Jason Gunthorpe Dec. 5, 2023, 12:11 a.m. UTC | #1
On Thu, Nov 09, 2023 at 02:44:45PM +0900, Daisuke Matsuda wrote:
> 
> Daisuke Matsuda (7):
>   RDMA/rxe: Always defer tasks on responder and completer to workqueue
>   RDMA/rxe: Make MR functions accessible from other rxe source code
>   RDMA/rxe: Move resp_states definition to rxe_verbs.h
>   RDMA/rxe: Add page invalidation support
>   RDMA/rxe: Allow registering MRs for On-Demand Paging
>   RDMA/rxe: Add support for Send/Recv/Write/Read with ODP
>   RDMA/rxe: Add support for the traditional Atomic operations with ODP

What is the current situation with rxe? I don't recall seeing the bugs
that were reported get fixed?

I'm reluctant to dig a deeper hold until it is done?

Thanks,
Jason
Zhu Yanjun Dec. 5, 2023, 1:50 a.m. UTC | #2
在 2023/12/5 8:11, Jason Gunthorpe 写道:
> On Thu, Nov 09, 2023 at 02:44:45PM +0900, Daisuke Matsuda wrote:
>>
>> Daisuke Matsuda (7):
>>    RDMA/rxe: Always defer tasks on responder and completer to workqueue
>>    RDMA/rxe: Make MR functions accessible from other rxe source code
>>    RDMA/rxe: Move resp_states definition to rxe_verbs.h
>>    RDMA/rxe: Add page invalidation support
>>    RDMA/rxe: Allow registering MRs for On-Demand Paging
>>    RDMA/rxe: Add support for Send/Recv/Write/Read with ODP
>>    RDMA/rxe: Add support for the traditional Atomic operations with ODP
> 
> What is the current situation with rxe? I don't recall seeing the bugs
> that were reported get fixed?

Exactly. A problem is reported in the link 
https://www.spinics.net/lists/linux-rdma/msg120947.html

It seems that a variable 'entry' set but not used 
[-Wunused-but-set-variable]

And ODP is an important feature. Should we suggest to add a test case 
about this ODP in rdma-core to verify this ODP feature?

Zhu Yanjun

> 
> I'm reluctant to dig a deeper hold until it is done?
> 
> Thanks,
> Jason
Daisuke Matsuda (Fujitsu) Dec. 7, 2023, 6:37 a.m.

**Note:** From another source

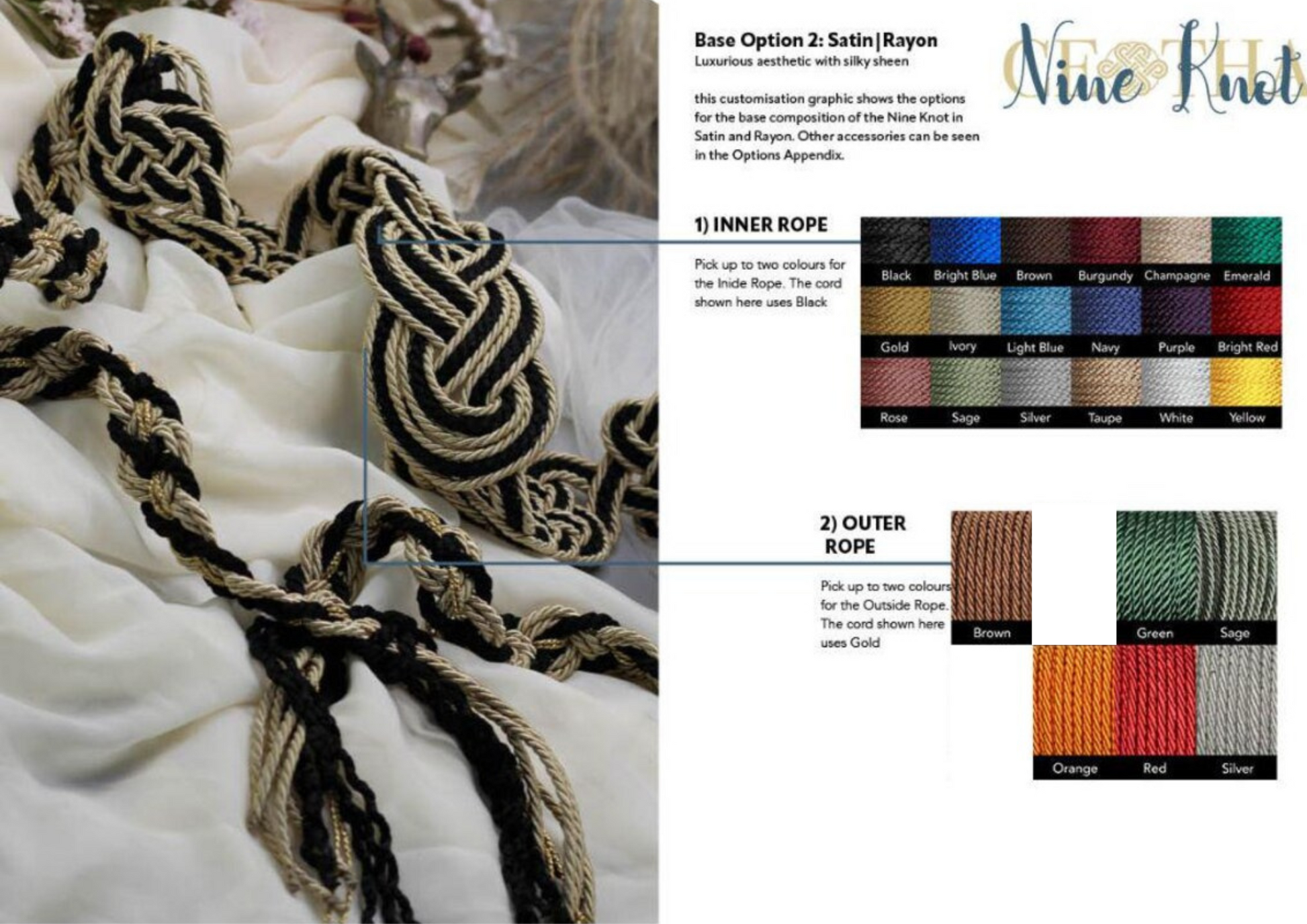 This design always comes with leafy vine. The other base colours can be customised below. Please be aware that the customisation guide shown in the gallery is for the Center knot version of this cord but you are still purchasing the Infinity Tie design.

UTC | #3
On Tue, Dec 5, 2023 10:51 AM Zhu Yanjun wrote:
> 
> 在 2023/12/5 8:11, Jason Gunthorpe 写道:
> > On Thu, Nov 09, 2023 at 02:44:45PM +0900, Daisuke Matsuda wrote:
> >>
> >> Daisuke Matsuda (7):
> >>    RDMA/rxe: Always defer tasks on responder and completer to workqueue
> >>    RDMA/rxe: Make MR functions accessible from other rxe source code
> >>    RDMA/rxe: Move resp_states definition to rxe_verbs.h
> >>    RDMA/rxe: Add page invalidation support
> >>    RDMA/rxe: Allow registering MRs for On-Demand Paging
> >>    RDMA/rxe: Add support for Send/Recv/Write/Read with ODP
> >>    RDMA/rxe: Add support for the traditional Atomic operations with ODP
> >
> > What is the current situation with rxe? I don't recall seeing the bugs
> > that were reported get fixed?

Well, I suppose Jason is mentioning "blktests srp/002 hang".
cf. https://lore.kernel.org/linux-rdma/dsg6rd66tyiei32zaxs6ddv5ebefr5vtxjwz6d2ewqrcwisogl@ge7jzan7dg5u/T/

It is likely to be a timing issue. Bob reported that "siw hangs with the debug kernel",
so the hang looks not specific to rxe.
cf. https://lore.kernel.org/all/53ede78a-f73d-44cd-a555-f8ff36bd9c55@acm.org/T/
I think we need to decide whether to continue to block patches to rxe since nobody has successfully fixed the issue.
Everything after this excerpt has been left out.